● **Data in this exercise**:

--------------------

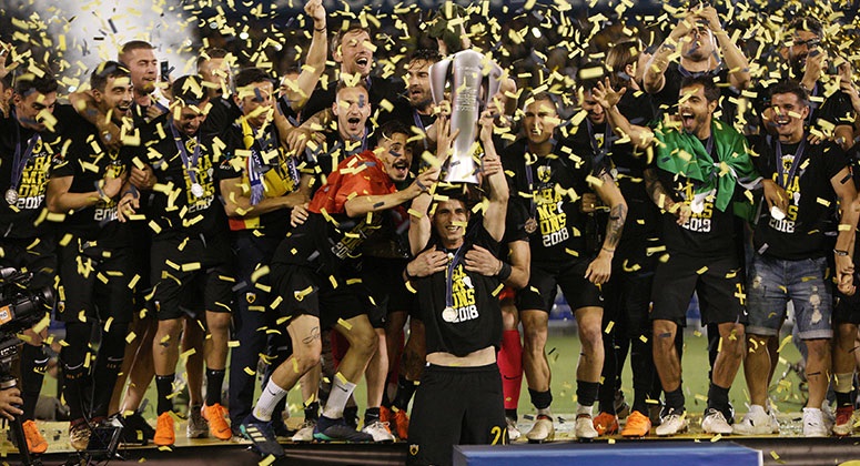 Αμέσως μετά τη λήξη της αναμέτρησης της 30ης αγωνιστική με τον Απόλλωνα Σμύρνης, στήθηκε η εξέδρα για την απονομή των μεταλλίων και ο πρόεδρος της Super League, Γιώργος Στράτος, παρέδωσε στα χέρια του αρχηγού της Ενωσης, Πέτρου Μάνταλου, το τρόπαιο του πρωταθλητή.
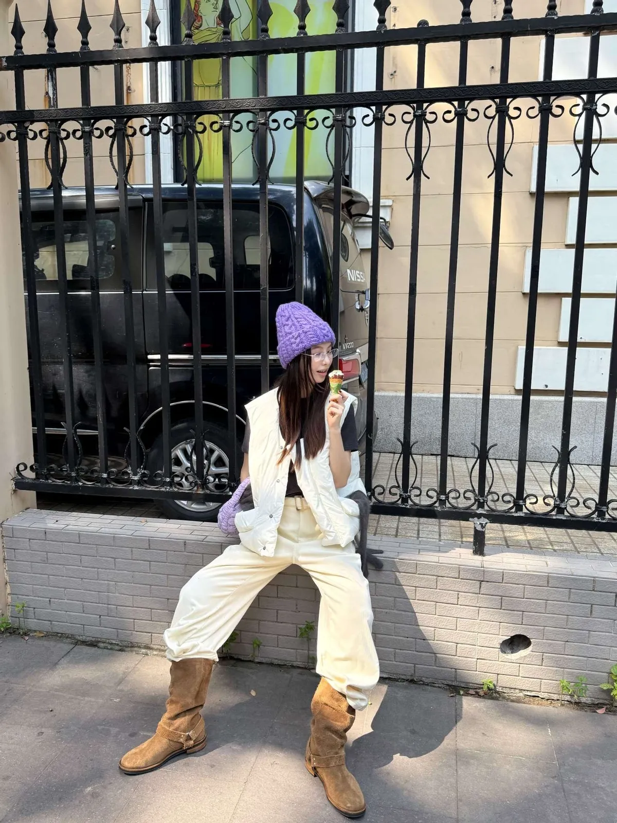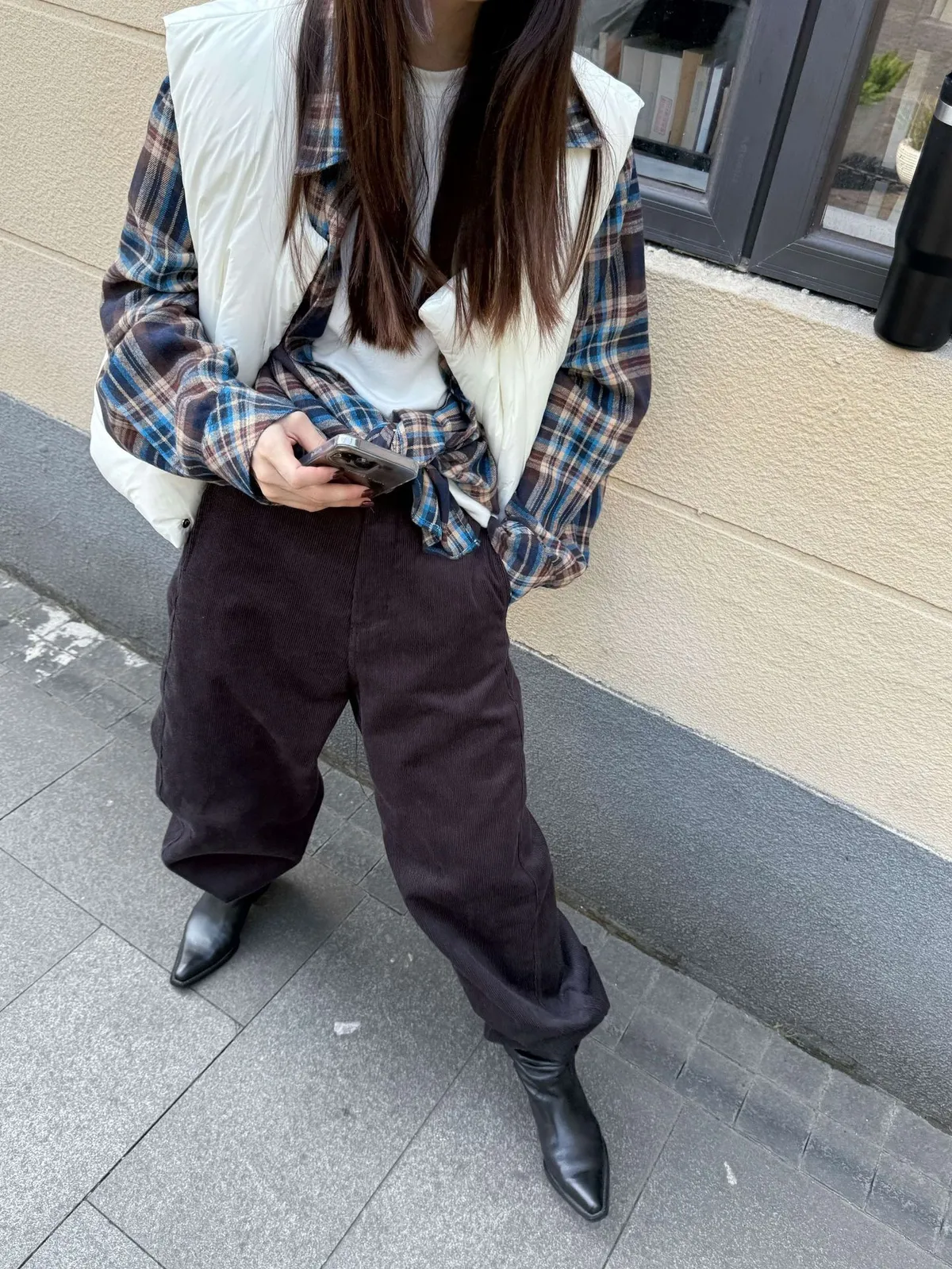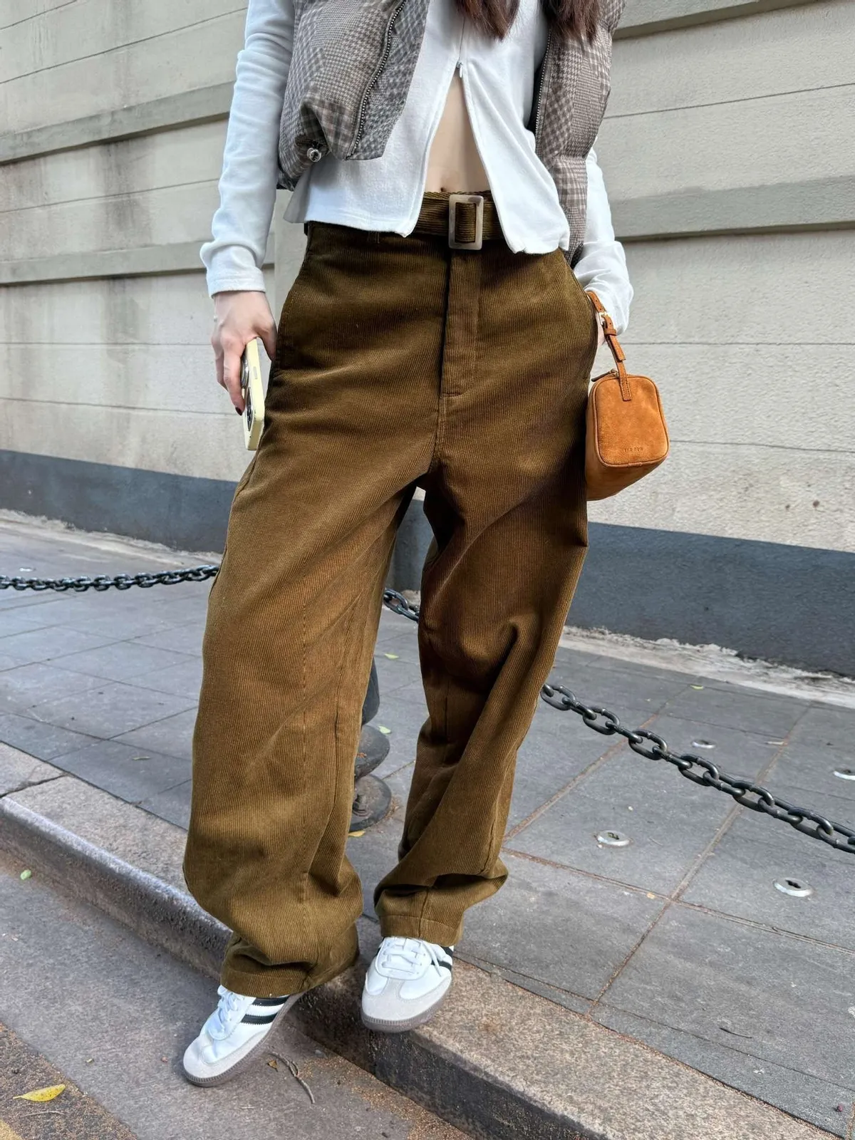 GIRLS 復古 燈芯絨 直筒 長褲 附贈腰帶(棕/米白/深灰)
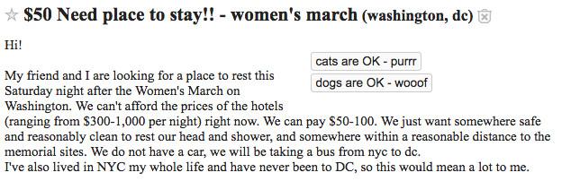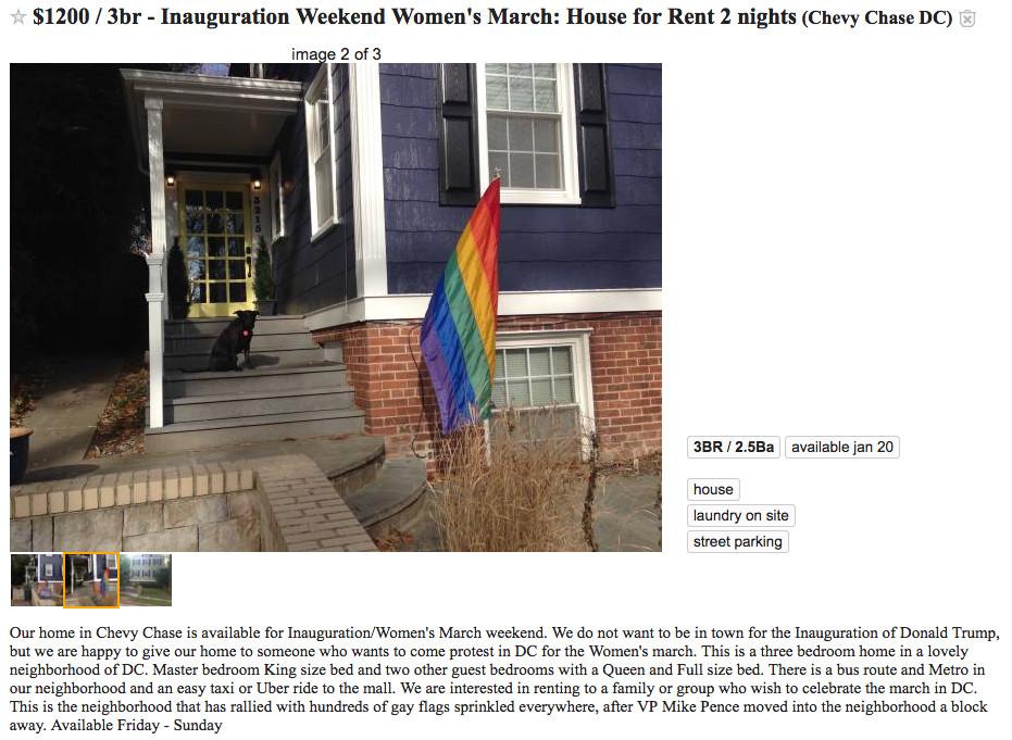 Gordon posted an ad on Craigslist looking for visitors — with a pointed caveat: “We do not want to be in town for the inauguration of Donald Trump,” he wrote, “but we are happy to give our home to someone who wants to come protest in D.C. for the Women’s March.”
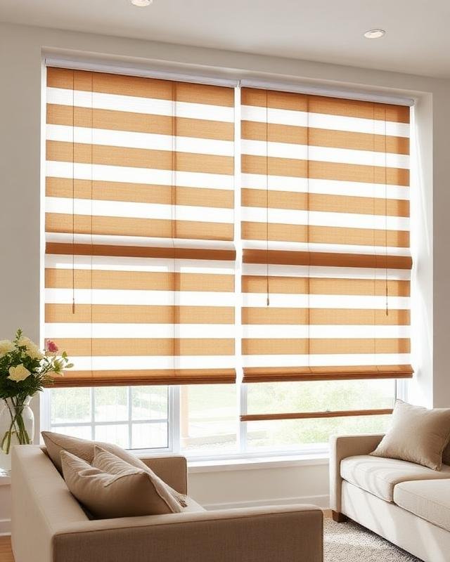 Day & night blinds that give you complete control over light and privacy. Our zebra blinds feature alternating sheer and solid fabric stripes that can be aligned to filter light softly or block it completely. The innovative design adds a contemporary touch to any room while offering maximum flexibility.
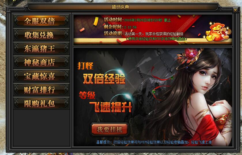 传奇盛世之二月庆典 一:全服双倍活动时间:2月25号-2月27号活动详情:活 ...

--------------------

● **Task goal**:
What is needed is every record above, returned exactly, with the pictures omitted.

● **Expected output**:
 Αμέσως μετά τη λήξη της αναμέτρησης της 30ης αγωνιστική με τον Απόλλωνα Σμύρνης, στήθηκε η εξέδρα για την απονομή των μεταλλίων και ο πρόεδρος της Super League, Γιώργος Στράτος, παρέδωσε στα χέρια του αρχηγού της Ενωσης, Πέτρου Μάνταλου, το τρόπαιο του πρωταθλητή.
 GIRLS 復古 燈芯絨 直筒 長褲 附贈腰帶(棕/米白/深灰)
 Gordon posted an ad on Craigslist looking for visitors — with a pointed caveat: “We do not want to be in town for the inauguration of Donald Trump,” he wrote, “but we are happy to give our home to someone who wants to come protest in D.C. for the Women’s March.”
 Day & night blinds that give you complete control over light and privacy. Our zebra blinds feature alternating sheer and solid fabric stripes that can be aligned to filter light softly or block it completely. The innovative design adds a contemporary touch to any room while offering maximum flexibility.
 传奇盛世之二月庆典 一:全服双倍活动时间:2月25号-2月27号活动详情:活 ...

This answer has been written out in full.